* _AIM OF THE TASK_
Copy the listing in full and exactly, omitting its images.
#### THE DATA
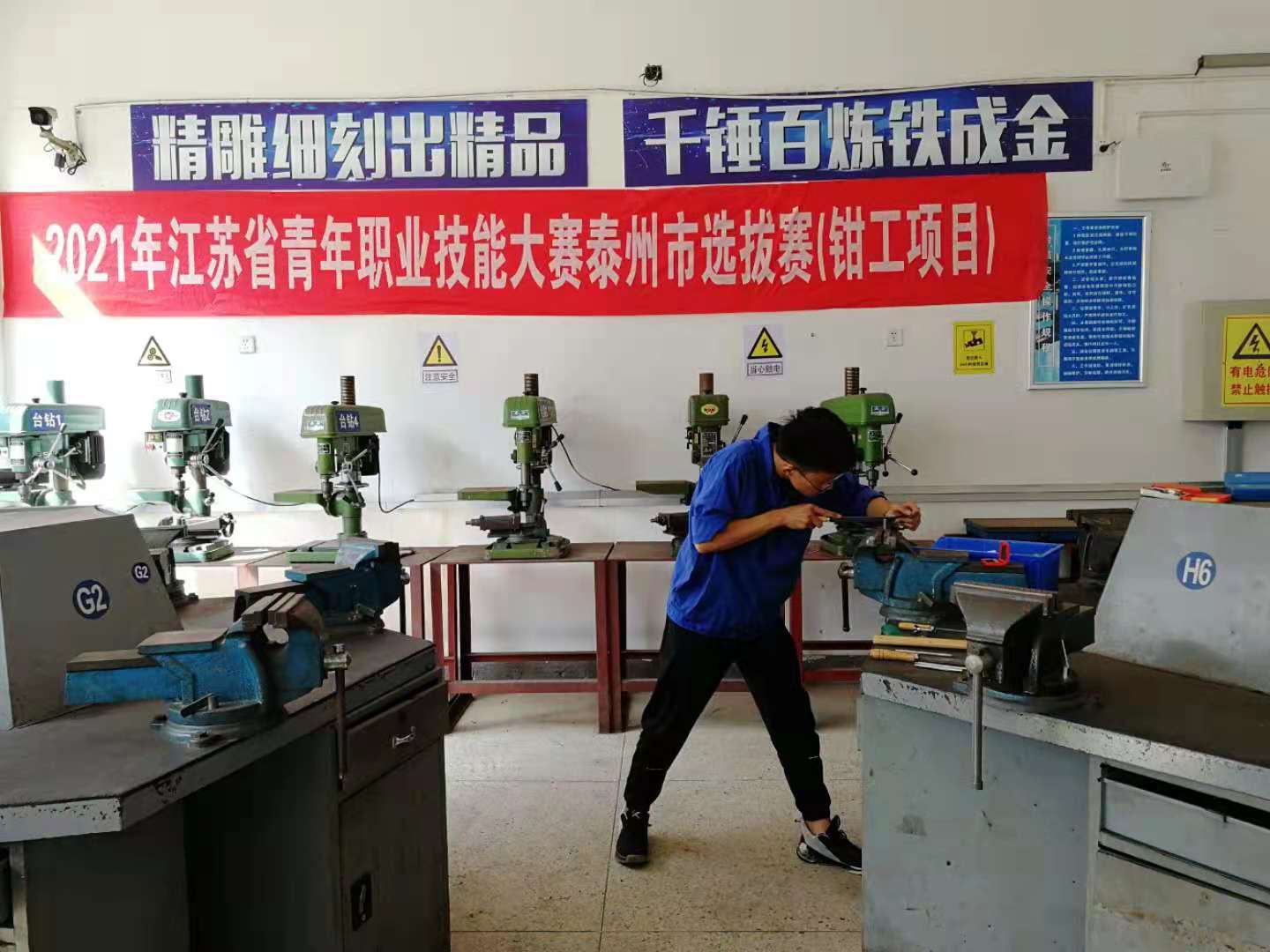为推荐优秀青年技能人才参加“振兴杯”青年职业技能大赛江苏省选拔赛,9月30日,由共青团泰州市委员会主办,共青团泰兴市委员会、江苏省泰兴中等专业学校承办的2021年江苏省青年职业技能大赛泰州市选拔赛(钳工项目)在我校顺利开展。
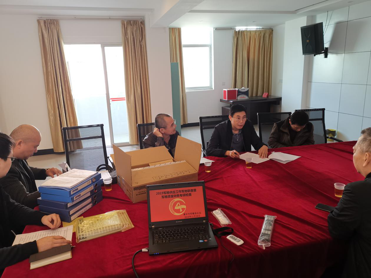 11月29日下午,市发改委粮食储备科科长郑国顺一行深入黑料不打烊 军粮供应站开展军地联查暨军粮质量财务专项检查工作。
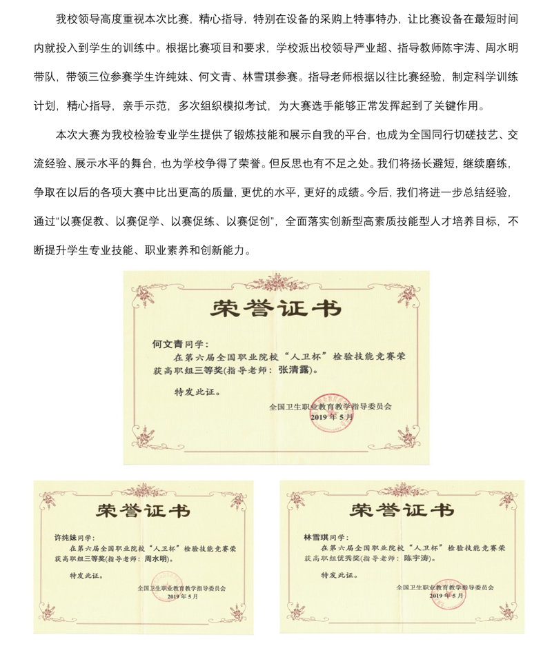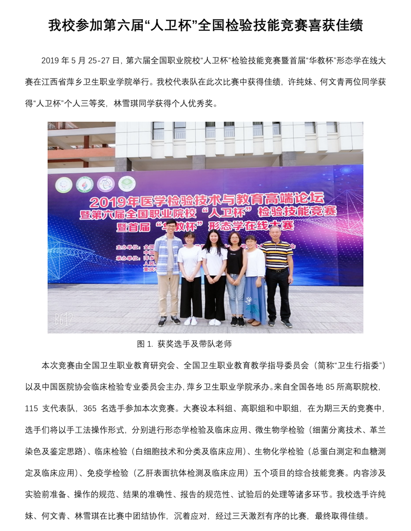 我校参加第六届“人卫杯”全国检验技能竞赛喜获佳绩
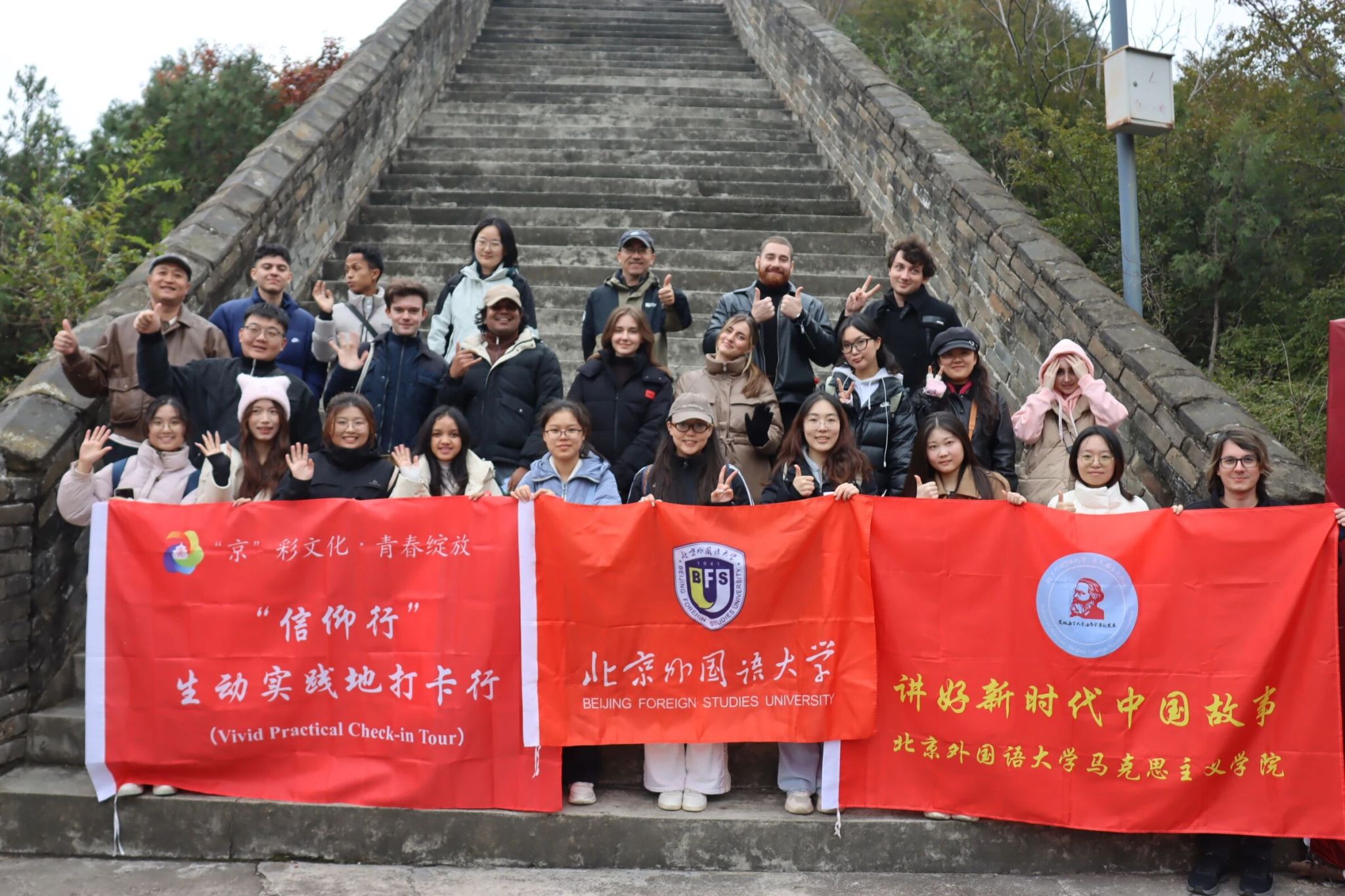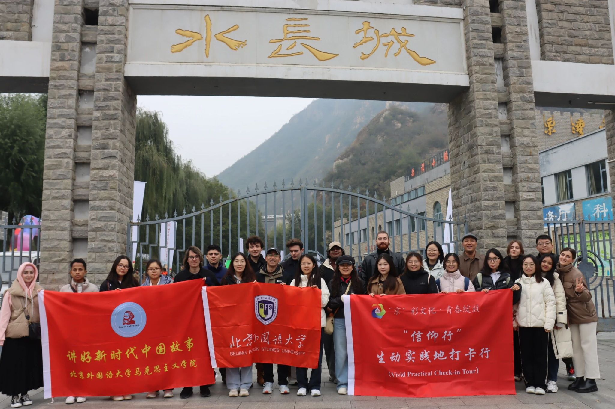 為深入學(xué)習(xí)貫徹習(xí)近平新時代中國特色社會主義思想,引導(dǎo)國際青年深刻感悟中華優(yōu)秀傳統(tǒng)文化的時代價值,北京外國語大學(xué)馬克思主義學(xué)院聯(lián)合留學(xué)生辦公室精心策劃開展“‘京’彩文化 ? 青春綻放”主題實踐活動。本次活動以“從北京長城看全球——從‘歷史脈絡(luò)’到‘全球坐標’”為主線,組織來自國中院、國關(guān)學(xué)院兩個學(xué)院的法國、俄羅斯、巴西、伊拉克、蒙古國、斯洛伐克、哥斯達黎加、馬達加斯加、斯里蘭卡等9個國家的13名留學(xué)生代表以及來自馬克思主義學(xué)院、高翻學(xué)院、國關(guān)學(xué)院的12名北外學(xué)子共赴懷柔區(qū)黃花城水長城與響水湖長城景區(qū),開啟了一場富有深刻教育意義和時代內(nèi)涵的實踐研學(xué)之旅。
########
* _SOLUTION BELOW_
为推荐优秀青年技能人才参加“振兴杯”青年职业技能大赛江苏省选拔赛,9月30日,由共青团泰州市委员会主办,共青团泰兴市委员会、江苏省泰兴中等专业学校承办的2021年江苏省青年职业技能大赛泰州市选拔赛(钳工项目)在我校顺利开展。
 11月29日下午,市发改委粮食储备科科长郑国顺一行深入黑料不打烊 军粮供应站开展军地联查暨军粮质量财务专项检查工作。
 我校参加第六届“人卫杯”全国检验技能竞赛喜获佳绩
 為深入學(xué)習(xí)貫徹習(xí)近平新時代中國特色社會主義思想,引導(dǎo)國際青年深刻感悟中華優(yōu)秀傳統(tǒng)文化的時代價值,北京外國語大學(xué)馬克思主義學(xué)院聯(lián)合留學(xué)生辦公室精心策劃開展“‘京’彩文化 ? 青春綻放”主題實踐活動。本次活動以“從北京長城看全球——從‘歷史脈絡(luò)’到‘全球坐標’”為主線,組織來自國中院、國關(guān)學(xué)院兩個學(xué)院的法國、俄羅斯、巴西、伊拉克、蒙古國、斯洛伐克、哥斯達黎加、馬達加斯加、斯里蘭卡等9個國家的13名留學(xué)生代表以及來自馬克思主義學(xué)院、高翻學(xué)院、國關(guān)學(xué)院的12名北外學(xué)子共赴懷柔區(qū)黃花城水長城與響水湖長城景區(qū),開啟了一場富有深刻教育意義和時代內(nèi)涵的實踐研學(xué)之旅。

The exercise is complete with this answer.